Profits at Canon are being powered by healthy demand for multi-function network copiers and hot-selling digital cameras, in which it commands about 20 percent of the global market.
Canon had previously targeted 2005 sales of 3.8 trillion yen, but the yen's surge against the dollar, severe price competition in digital camera makers, and falling prices for color laser beam printers (LBP) appear to be concerning the Tokyo-based firm.
The new target for 3.6 trillion yen would still be above the consensus forecast of 3.448 trillion made by 15 analysts polled by Reuters Research.
"There is a possibility that color LBP prices will fall further, but we are prepared to deal with this development," said Canon President and CEO Fujio Mitarai, as quoted by a company spokesman.

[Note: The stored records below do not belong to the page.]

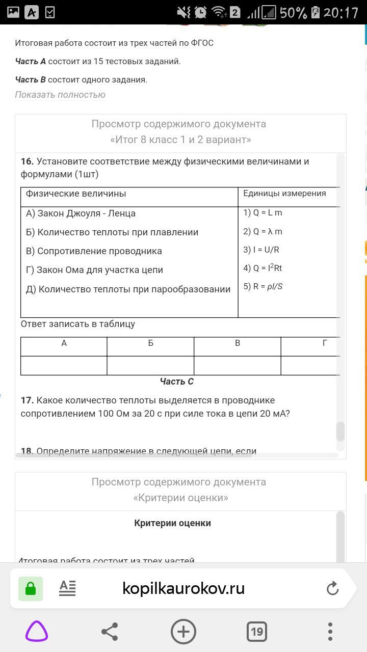 16. Установите соответствие между физическими величинами и формулами (1шт)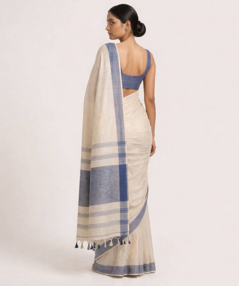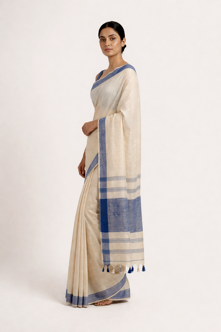 Elegant Linen Cotton Silk Woven Saree Crafted With Jacquard Weaving Design. Saree Comes With Unstitched Linen Silk Blouse Piece. Note: Please Refer Real Image Attached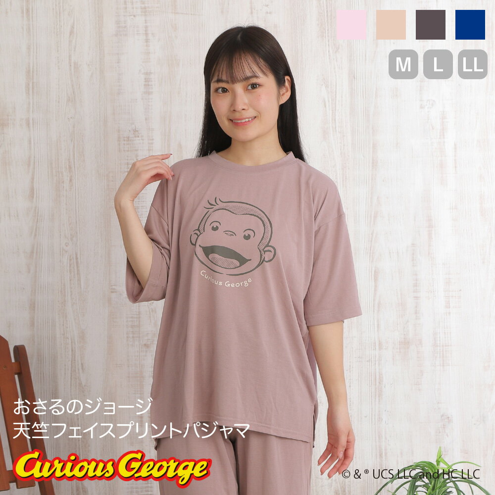 【Casper】 キャスパー 天竺Tスーツ パジャマ レディース メンズ キャラクター ホームウェア ルームウェア 部屋着 夏 ゆったり おしゃれ かわいい ベージュ パープル フレンチスリーブ スリット リラックス

Canon said it planned to bolster its lineup of digital cameras, office equipment, and steppers -- key tools for making semiconductors and liquid crystal displays (LCD).
It also said it planned to begin mass-production of next-generation displays for thin televisions in 2006. Canon and electronics conglomerate Toshiba Corp have conducted research since 1999 on surface conduction electron emitter display (SED) panels, with an eye to eventually cooperating on production.
SED panels are thinner than existing flat panels, are said to consume less energy and -- unlike liquid crystal display (LCD) panels -- do not require backlighting because they produce their own light.
"We want to shoot for (annual) sales of at least 100 billion yen," from displays, Mr. Mitarai was quoted as saying.
In the slide show release, Canon estimated the market for flat panel TVs more than 28 in would grow to 30 million units in 2007 from 1.3 million units in 2003.